**Problem description**
Could you copy the data that follows exactly as written, but drop the pictures?

**Raw data**
--- START ---

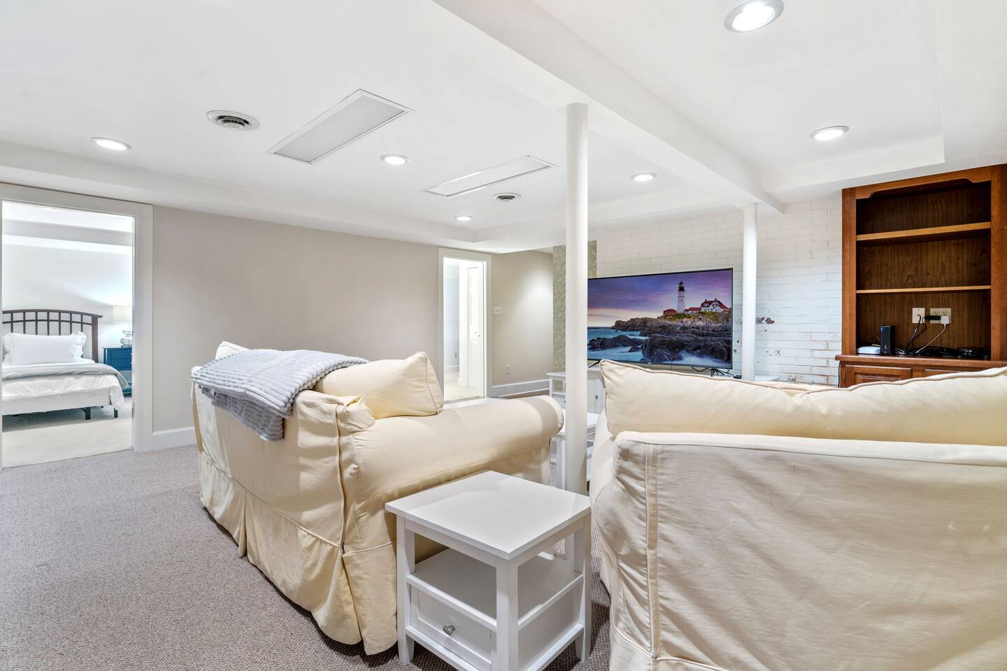 KEY FEATURES: ☀️ Sleeps 12 across 5 bedrooms and 8 beds - 2 king, 1 queen, 2 full, 3 twin ☀️ 3.5 bathrooms - 1 full w/ shower/tub combo, 2 full w/ shower, 1 half ☀️ Heated pool (available June 2-September 15) with lounge chairs and outdoor furniture ☀️ Boardwalk with private access to the ocean ☀️ Dedicated workspace ☀️ 3 separate living rooms, each offering its own charm ☀️ 350MB satellite wifi and Roku Smart TVs throughout the home ☀️ Modern and fully equipped kitchen w/ top-of-the-line appliances ☀️ Board games and kids toys ☀️ Exercise room stocked with yoga mats, free weights and exercise bands ☀️ Dog and family-friendly! Pack n' Play, highchair and other child-friendly amenities provided ☀️ Patio with grill and outdoor dining furniture Here Are A Few Kind Words From Past Guests: "Fabulous family vacation in this beautiful home! Terrific location for exploring the Maine coast or just staying put and relaxing in the pool! We were a multigenerational family of 9 and the house was perfect! The grandkids loved the pool floats, playing wiffle ball in the yard and roasting marshmallows over the fire in the fire pit. There was space for everyone with 2 living areas on the main floor and one in the lower level. The beds and bedding were very comfortable and the primary suite was amazing with a huge walk in closet! The kitchen had everything you need! Kayla and Nick were very responsive throughout the booking and stay process. If you are looking for a great place to call home away from home this checks off all the boxes." - Julie K. "The hosts were excellent and responsive. The home was very clean and comfortable with lots of amenities. This location provided convenient access to Portland, and surrounding beaches. It was possible to take in the Acadia National Park from here, but it was a full day (dawn to dusk) to travel to and enjoy park. The family already wants to come back! Crescent Beach was awesome (small park fee)." - Cody W. ☆☆ BEDROOMS ☆☆ This coastal Maine gem boasts 5 bedrooms accommodating 12 guests. The main level primary suite offers a private oasis with a gas fireplace, ensuite bathroom, king-size bed, and a 55" Smart TV. There are built in dresser drawers as well as a walk-in closet tucked off of the ensuite bathroom for additional storage. The second floor features two generously sized bedrooms with a shared full bathroom. One bedroom features a king-size bed with a dresser and a closet. The other features a queen-size bed and a twin over full bunk bed. This room also has a dresser as well as a closet. There is an additional walk-in closet on the second floor for extra storage space if needed. The basement provides two additional bedrooms. One bedroom is fitted with a queen-size bed, a dresser and a closet. The other bedroom has two twin-size beds, a dresser and a closet. ☆☆ BATHROOMS ☆☆ There are three full and one half bathrooms in the home, each of them stocked with all the essentials you need for the duration of your stay. The half bath is located in the home's entryway right around the corner from the kitchen for first floor convenience. The master bedroom has a spacious ensuite bathroom with a beautiful glass enclosed shower. The second floor bedrooms share a spacious full bathroom which has a tub for those seeking a relaxing water-drawn bath. The third full bathroom is located downstairs, allowing your basement-bunking guests a convenient option to rinse off in the standing shower. ☆☆ KITCHEN, DINING AND LIVING ROOMS ☆☆ The bright and airy kitchen is fully equipped with all the appliances, utensils and cookware you need to feel at home. It offers ample counter space, high-end appliances, and an island for casual meals. The dining room, adjacent to the kitchen, provides a formal setting for large gatherings with family and friends. The main dining table seats 8, and there is additional seating for 4 at a round dining table, as well as 3 more seats at the kitchen island. The main floor features two bright and open living rooms with large windows, ideal for relaxation and entertainment. The first living room, located right outside the kitchen, features a beautiful brick fireplace and a 55" Smart TV, allowing full access to your favorite streaming services. The second living room is also located on the main floor. It allows seating for 8-10 people around another magnificent fireplace. There are large ocean-facing windows which let in ample natural light. Please note that the ocean views are seasonal as there are trees as well as one house between this home and the water. The entire first floor has 9-foot ceilings that lend an open and airy ambiance. A third living room area is located in the basement. This room features seating for 4-6, a 60" Smart TV and shelves full of board games for rainy day activities. Also downstairs is a workout room stocked with basic exercise essentials, as well as a separate study equipped with a work desk. ☆☆ OUTSIDE SPACE ☆☆ Step outside and you'll discover an oasis in the backyard with an in-ground heated pool that invites you to cool off during hot summer days. The pool area includes lounge chairs and outdoor furniture and is available to guests from June 15th through September 15th. The beautifully landscaped yard with amazing perennial gardens and patio area provides the perfect setting for outdoor gatherings, barbecues, and relaxation. A new private association boardwalk was built in 2022 giving guests access to a private beach. Please note that that boardwalk is pretty long (50+ steps) and the beach area is really only usable during low tide. You will feel that you got some steps in when returning back up the boardwalk to the house. There is a fire pit with ample seating to roast marshmallows and tell stories around the fire. ☆☆ ADDITIONAL GUEST EXPERIENCES ☆☆ Looking to make your stay extra special? We partner with local businesses to help take you
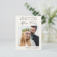 Elegant light cream save the date announcement postcard for your post elopement/private wedding reception. The front features your wedding day photo and "Save The Date For Our Happily Ever After Party" in a mix of simple typography and a modern script; add your first names and reception date. On the reverse, personalise your save the date message in more detail and add your married names in a signature-like script.
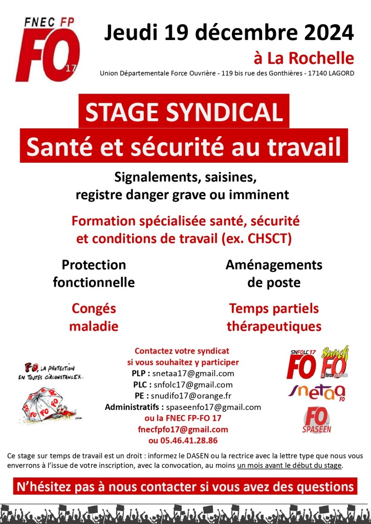 La FNEC FP-FO 17 organise un stage « santé et sécurité au travail » jeudi 19 décembre, à l’UD de La Rochelle. Il portera sur les signalements de dangers, les droits des personnels, les instances, les dispositifs et congés et les moyens d’action.

--- END ---

**Exercise answer**
 KEY FEATURES: ☀️ Sleeps 12 across 5 bedrooms and 8 beds - 2 king, 1 queen, 2 full, 3 twin ☀️ 3.5 bathrooms - 1 full w/ shower/tub combo, 2 full w/ shower, 1 half ☀️ Heated pool (available June 2-September 15) with lounge chairs and outdoor furniture ☀️ Boardwalk with private access to the ocean ☀️ Dedicated workspace ☀️ 3 separate living rooms, each offering its own charm ☀️ 350MB satellite wifi and Roku Smart TVs throughout the home ☀️ Modern and fully equipped kitchen w/ top-of-the-line appliances ☀️ Board games and kids toys ☀️ Exercise room stocked with yoga mats, free weights and exercise bands ☀️ Dog and family-friendly! Pack n' Play, highchair and other child-friendly amenities provided ☀️ Patio with grill and outdoor dining furniture Here Are A Few Kind Words From Past Guests: "Fabulous family vacation in this beautiful home! Terrific location for exploring the Maine coast or just staying put and relaxing in the pool! We were a multigenerational family of 9 and the house was perfect! The grandkids loved the pool floats, playing wiffle ball in the yard and roasting marshmallows over the fire in the fire pit. There was space for everyone with 2 living areas on the main floor and one in the lower level. The beds and bedding were very comfortable and the primary suite was amazing with a huge walk in closet! The kitchen had everything you need! Kayla and Nick were very responsive throughout the booking and stay process. If you are looking for a great place to call home away from home this checks off all the boxes." - Julie K. "The hosts were excellent and responsive. The home was very clean and comfortable with lots of amenities. This location provided convenient access to Portland, and surrounding beaches. It was possible to take in the Acadia National Park from here, but it was a full day (dawn to dusk) to travel to and enjoy park. The family already wants to come back! Crescent Beach was awesome (small park fee)." - Cody W. ☆☆ BEDROOMS ☆☆ This coastal Maine gem boasts 5 bedrooms accommodating 12 guests. The main level primary suite offers a private oasis with a gas fireplace, ensuite bathroom, king-size bed, and a 55" Smart TV. There are built in dresser drawers as well as a walk-in closet tucked off of the ensuite bathroom for additional storage. The second floor features two generously sized bedrooms with a shared full bathroom. One bedroom features a king-size bed with a dresser and a closet. The other features a queen-size bed and a twin over full bunk bed. This room also has a dresser as well as a closet. There is an additional walk-in closet on the second floor for extra storage space if needed. The basement provides two additional bedrooms. One bedroom is fitted with a queen-size bed, a dresser and a closet. The other bedroom has two twin-size beds, a dresser and a closet. ☆☆ BATHROOMS ☆☆ There are three full and one half bathrooms in the home, each of them stocked with all the essentials you need for the duration of your stay. The half bath is located in the home's entryway right around the corner from the kitchen for first floor convenience. The master bedroom has a spacious ensuite bathroom with a beautiful glass enclosed shower. The second floor bedrooms share a spacious full bathroom which has a tub for those seeking a relaxing water-drawn bath. The third full bathroom is located downstairs, allowing your basement-bunking guests a convenient option to rinse off in the standing shower. ☆☆ KITCHEN, DINING AND LIVING ROOMS ☆☆ The bright and airy kitchen is fully equipped with all the appliances, utensils and cookware you need to feel at home. It offers ample counter space, high-end appliances, and an island for casual meals. The dining room, adjacent to the kitchen, provides a formal setting for large gatherings with family and friends. The main dining table seats 8, and there is additional seating for 4 at a round dining table, as well as 3 more seats at the kitchen island. The main floor features two bright and open living rooms with large windows, ideal for relaxation and entertainment. The first living room, located right outside the kitchen, features a beautiful brick fireplace and a 55" Smart TV, allowing full access to your favorite streaming services. The second living room is also located on the main floor. It allows seating for 8-10 people around another magnificent fireplace. There are large ocean-facing windows which let in ample natural light. Please note that the ocean views are seasonal as there are trees as well as one house between this home and the water. The entire first floor has 9-foot ceilings that lend an open and airy ambiance. A third living room area is located in the basement. This room features seating for 4-6, a 60" Smart TV and shelves full of board games for rainy day activities. Also downstairs is a workout room stocked with basic exercise essentials, as well as a separate study equipped with a work desk. ☆☆ OUTSIDE SPACE ☆☆ Step outside and you'll discover an oasis in the backyard with an in-ground heated pool that invites you to cool off during hot summer days. The pool area includes lounge chairs and outdoor furniture and is available to guests from June 15th through September 15th. The beautifully landscaped yard with amazing perennial gardens and patio area provides the perfect setting for outdoor gatherings, barbecues, and relaxation. A new private association boardwalk was built in 2022 giving guests access to a private beach. Please note that that boardwalk is pretty long (50+ steps) and the beach area is really only usable during low tide. You will feel that you got some steps in when returning back up the boardwalk to the house. There is a fire pit with ample seating to roast marshmallows and tell stories around the fire. ☆☆ ADDITIONAL GUEST EXPERIENCES ☆☆ Looking to make your stay extra special? We partner with local businesses to help take you
 Elegant light cream save the date announcement postcard for your post elopement/private wedding reception. The front features your wedding day photo and "Save The Date For Our Happily Ever After Party" in a mix of simple typography and a modern script; add your first names and reception date. On the reverse, personalise your save the date message in more detail and add your married names in a signature-like script.
 La FNEC FP-FO 17 organise un stage « santé et sécurité au travail » jeudi 19 décembre, à l’UD de La Rochelle. Il portera sur les signalements de dangers, les droits des personnels, les instances, les dispositifs et congés et les moyens d’action.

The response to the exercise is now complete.